WASHINGTON, June 12, 2002 – The 495 U.S. military officers, civilians and international students who graduated today from the National Defense University here have forged a special bond, according to Air Force Gen. Richard B. Myers.

"You watched the Pentagon burn on Sept. 11," the chairman of the Joint Chiefs of Staff reminded the students. On that day, the 451 Americans and 44 international students became known as the "September 11 Class" and they took on a new role in the war on terrorism.

"You have forged bonds that you're going to need as we continue this fight globally against terrorism," Myers said. "My challenge to you is to build those relationships and to keep your minds receptive to new ideas."

He urged the students to think about what kind of leaders they'll be. "Are you going to encourage your supporters to be innovative or are you going to squelch them?" he asked.

Myers told the students to reject those who resist change by saying, "We've never done it that way." He said the graduates need to be flexible, adaptable and smart. "We want folks who can tell the chain of command what they need to do, not what they want to hear."

No matter where they're assigned next, he stressed, the war on terrorism must be their primary focus.

"You can be guaranteed one thing," he said. "We know the terrorist pressure is going to be relentless. So our pressure must be relentless."

U.S. defense officials have learned the terrorists are patient, disciplined and shrewd. "They think and they adapt," he said. "They've adapted to our initial weapons in Afghanistan and they'll keep adapting. That's what we're up against."

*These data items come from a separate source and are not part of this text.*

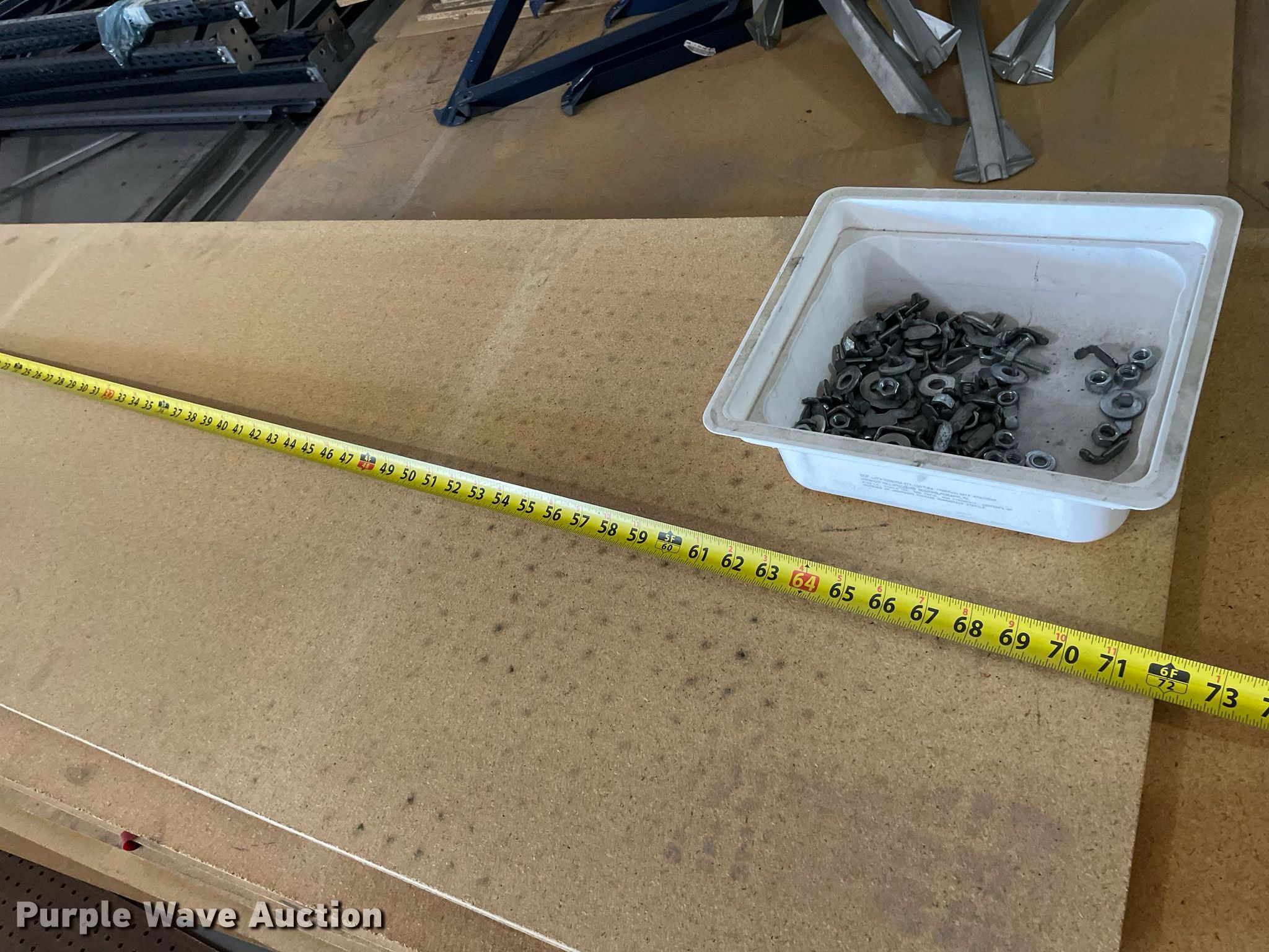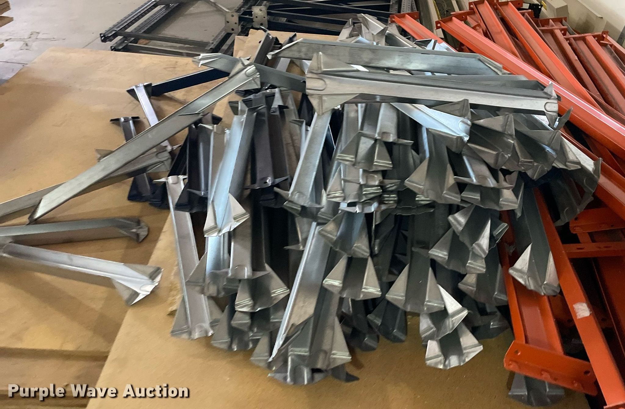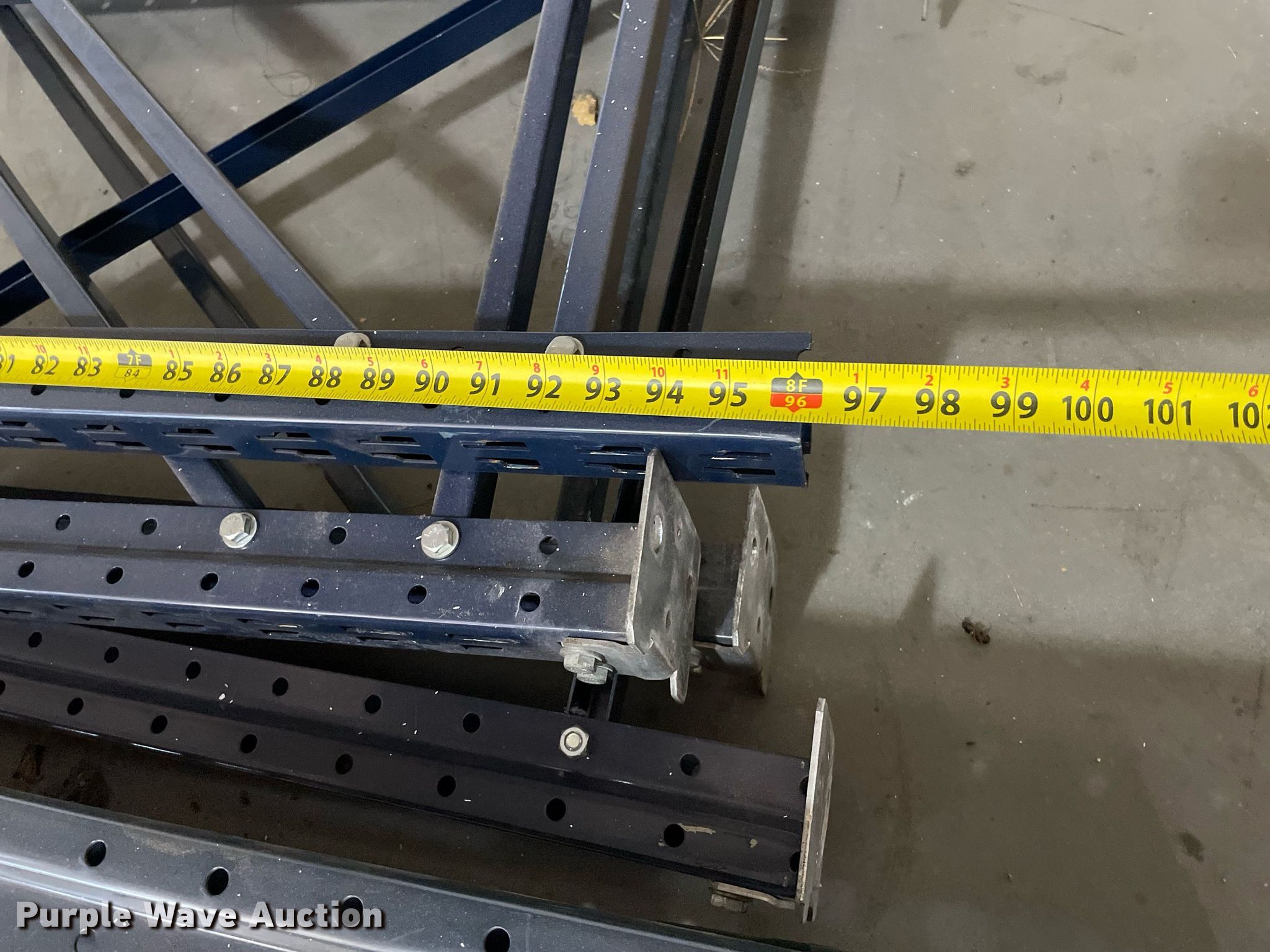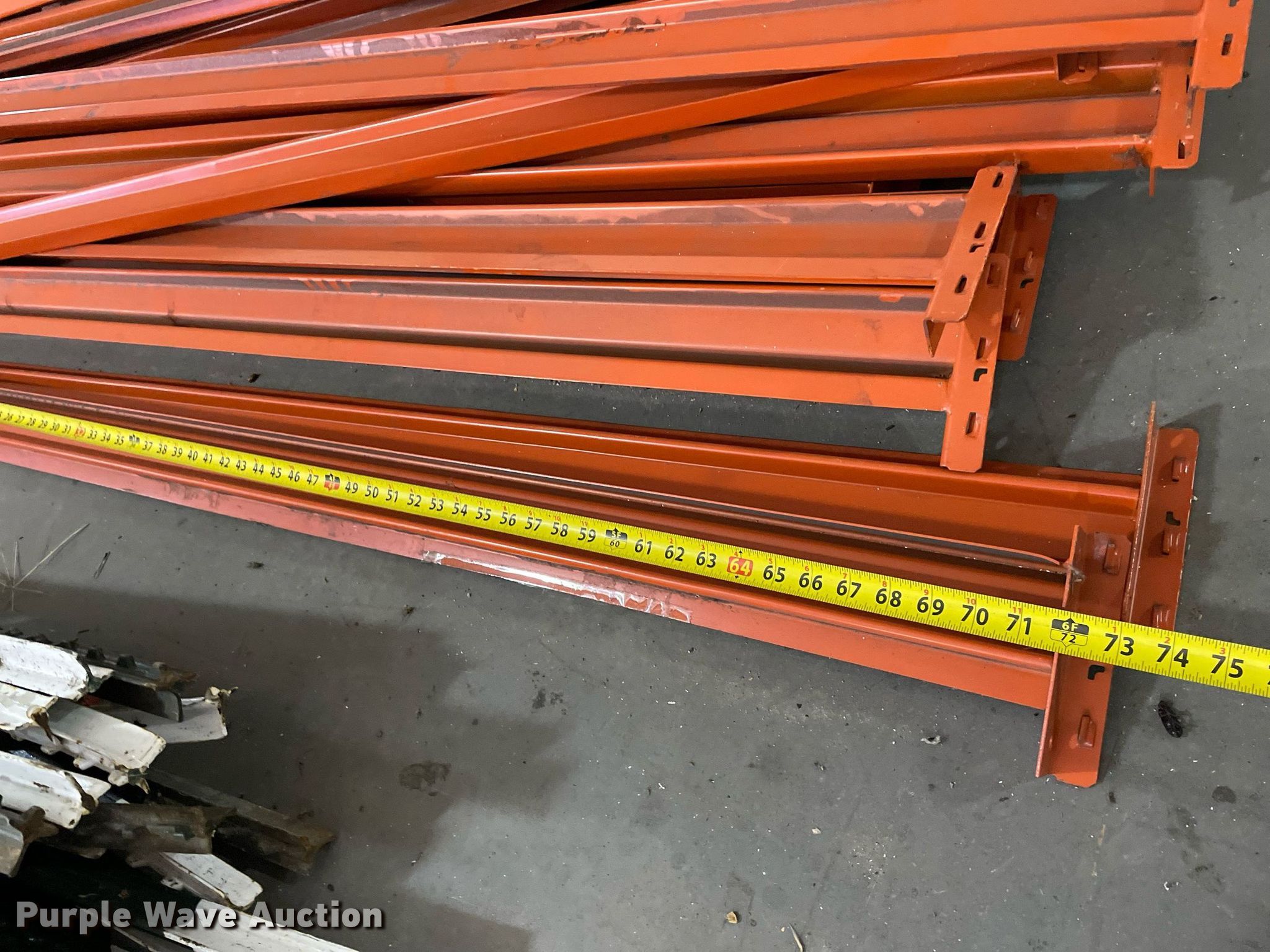 Purple Wave is selling a used Pallet Racking in Kansas. This item is a Pallet racking with the following: Uprights, (4) 8' x 24", (6) 12' x 24", (6) 12' x 36", Approx. 75 cross-members, 6' to 8' L, Approx. 50 shelves, Supports, Approx. 35 T-posts, 66" L
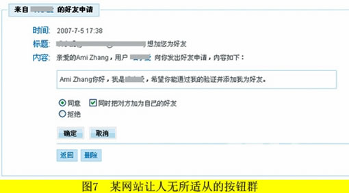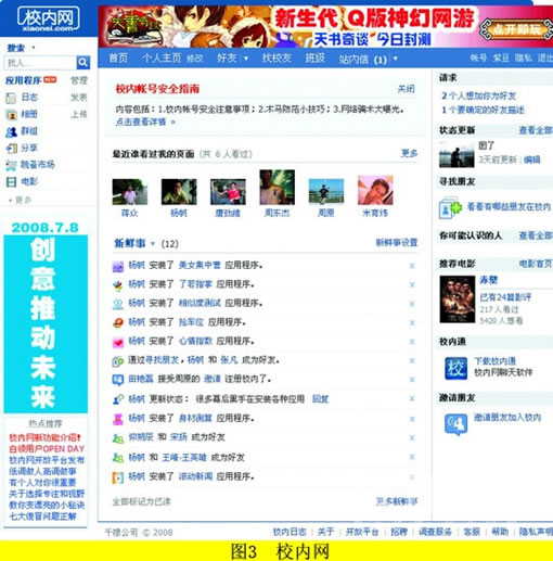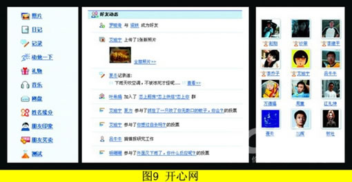 而图5所示的开心网的引导设计就完全不同,忽略了对博客的引导。开心网是一个以娱乐为主线索的网站,虽然它也涵盖有博客的功能,但是这不是它的重点和强项,于是开心网在各种环节上减少对博客的侧重,尽量简化对博客的引导,而重点发展其他有别于传统博客的互动性娱乐项目。
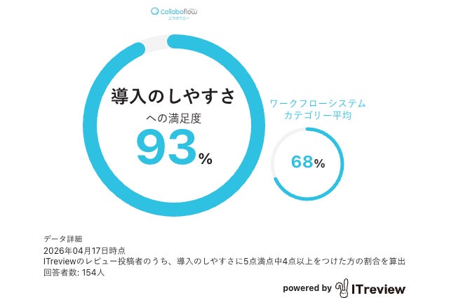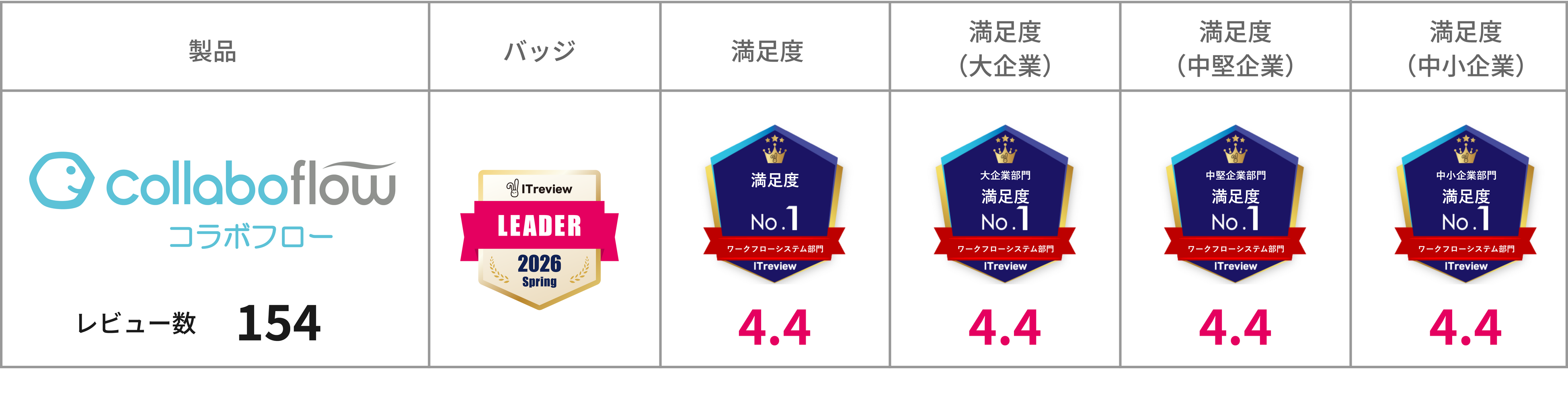 2026年3月末時点に掲載されたレビューを元に「ITreview カテゴリーレポート 2026 Spring」が発表され、コラボフローがワークフローシステム部門の20期連続「顧客満足度No.1」に選ばれました。
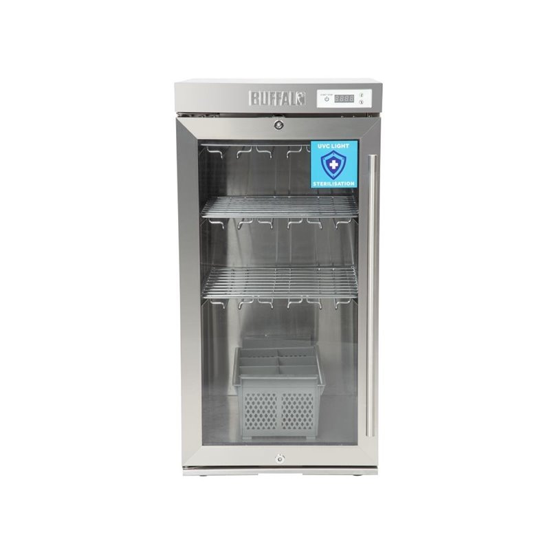 The Buffalo UVC cabinet is incredibly easy to use - simply place the items inside using the included glass racks or cutlery basket and set the timer. The unit then effectively sterilises the contents within 30 minutes, making them ready to use again quickly. No mess, no fuss. Just scientifically proven technology, used by the healthcare sector for years.
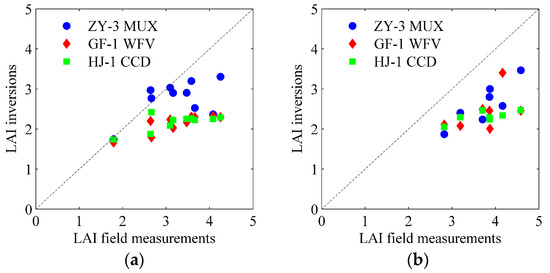 Validation of the LAI inversions from ZY-3 MUX, GF-1 WFV, and HJ-1 CCD using field data with high spatial representativeness (a) and low spatial representativeness (b).
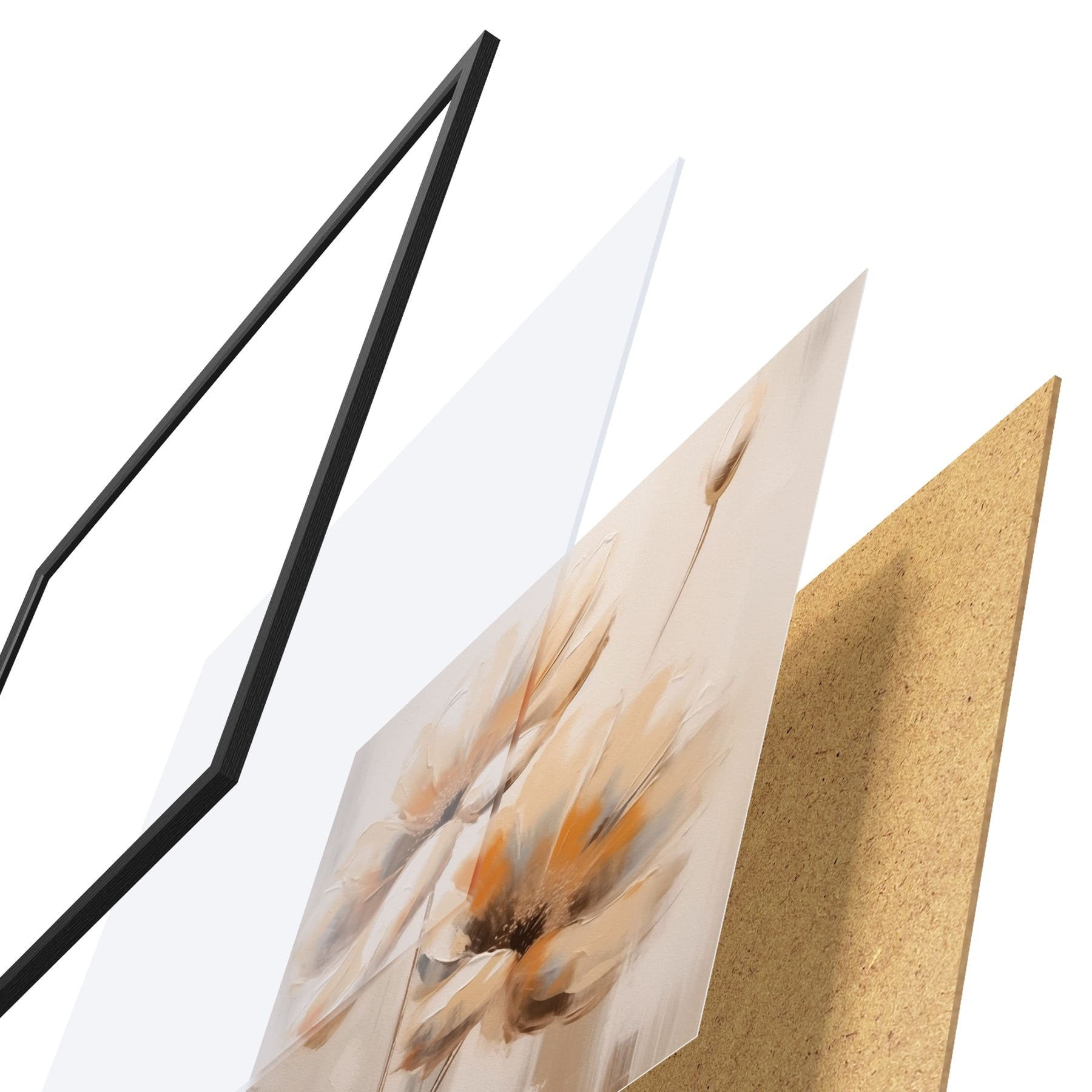 Plakatą sudaro rėmas, pleksiklas, atspausdintas vaizdas ir medžio drožlių plokštės pagrindas. Plakatą galima iš karto pakabinti ant sienos dėl kitoje pusėje esančių laikiklių.

"Terrorists kill innocent civilians," Myers said. "Our job is to protect the innocent. They seek violence and bloodshed. We seek peace. They're driven by hate. We're motivated by compassion. Their contempt of human life has been shown. We respect human dignity."

U.S. officials know terrorists are planning the next attack. "We don't know where or when or what magnitude," he said. "We do not know if it's going to include weapons of mass destruction, but if they can get their hands on them, they will (use them)."

Countering the threat requires fresh thinking and better information sharing among U.S. government agencies, civilian organizations and coalition partners, he noted.

"We share a risk -- everybody in this class -- like we have never shared a risk before," Myers said. "We're in this together. We also share a common commitment to do what we can do to protect our citizens against this threat."

The military must be resolute in this endeavor, Myers concluded. "This has to be our primary focus. If we do that, there's no doubt in my mind that we will win. We must win."